En 1937, Huxley déménagea en Californie où il travailla
comme scénariste pour MGM, Warner Brothers et Walt Disney grâce à l’un de ses
contacts à Los Angeles : Zeitlin. […] « Bugsy Siegel, le chef de
l’organisation Lansky de la mafia pour la côte Ouest avait des liens étroits
avec Warner Brothers y MGM. »
De fait, l’industrie du spectacle – production,
distribution, marketing et publicité – est sous le contrôle d’une mafia qui est
née de l’union de la criminalité organisée et d’escrocs de haut niveau de Wall
Street, qui sont contrôlé en ultime instance par la toute-puissante Bilderberg.
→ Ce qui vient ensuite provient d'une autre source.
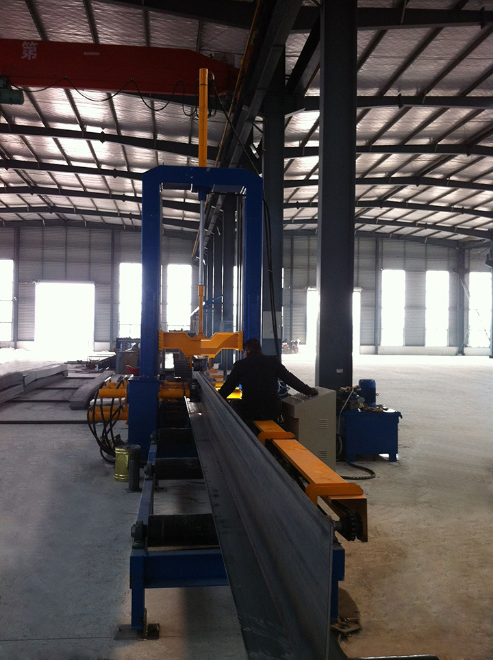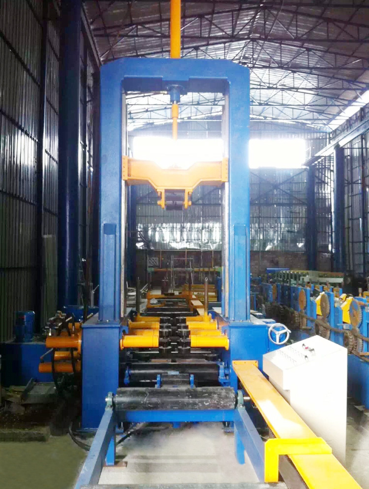 HG-1800H型鋼自動液壓組立機(jī)采用通用的一側(cè)機(jī)械緊靠對齊,而另一側(cè)采用液壓缸夾緊的方式,主機(jī)并用三組腹板夾緊,避免開平板及薄板組立時的中心偏移。采進(jìn)行組立以及點焊的。主門架采用雙導(dǎo)軌壓料,平衡性能好。

L’industrie du spectacle est conçue à la manière de n’importe quelle autre
“ligne d’affaire” de la Bilderberg et de ses séides.
Le travail d’Huxley
En 1954, Huxley publia une étude retentissante sur
l’expansion de la conscience par l’utilisation de la mescaline, les Portes de la perception, le premier manifeste de la
culture des drogues psychédéliques.
En 1958, il réunit la série d’essais qu’il avait écrits pour
Newsday sous le titre
de Retour au meilleur des mondes, dans lesquels il décrivait une
société où « le premier objectifs des gouvernants est d´éviter à tout prix
que les gouvernés causent des problèmes ».
Il prédit que les démocraties changeraient d’essence :
les vieilles et curieuses traditions – élections, parlements, cours suprêmes –
resteraient, mais leur substrat serait le totalitarisme non violent. […] En
attendant, l’oligarchie dirigeante et son élite bien entraînée de soldats, de
policiers, de fabricants de pensée et de manipulateurs de cerveaux dirigeaient tranquillement
le monde à leur guise. De fait, cette description d’Huxley s’ajuste
parfaitement à la situation actuelle.
En septembre 1960, Huxley fut nommé professeur invité du Centennial Carnegie au Massachusetts Institute
of Technology (MIT) de Boston. Il fut renvoyé au bout d’un semestre.
« Durant son séjour dans la ville, Huxley créa un cercle à Harvard… »
Le thème public de ce cercle ou séminaire d’Harvard fut la
religion et sa signification dans le monde moderne. […] Michael Minnicino, dans
un article publié par la revue The
Campaigner
d’avril 1974 […] affirme : « Huxley noua des contacts durant son
séjour à Harvard avec le président de Sandoz, qui travaillait à son tour,
commissionné par la CIA, à produire de grandes quantités de LSD et de
psilocybine (une autre drogue de synthèse hallucinogène) pour MK-Ultra,
l’expérimentation officielle de la CIA de la guerre chimique », une
expérimentation au cours de laquelle des êtres humains servirent de cobayes et
en moururent souvent, et dans laquelle le LSD était fréquemment utilisé. […]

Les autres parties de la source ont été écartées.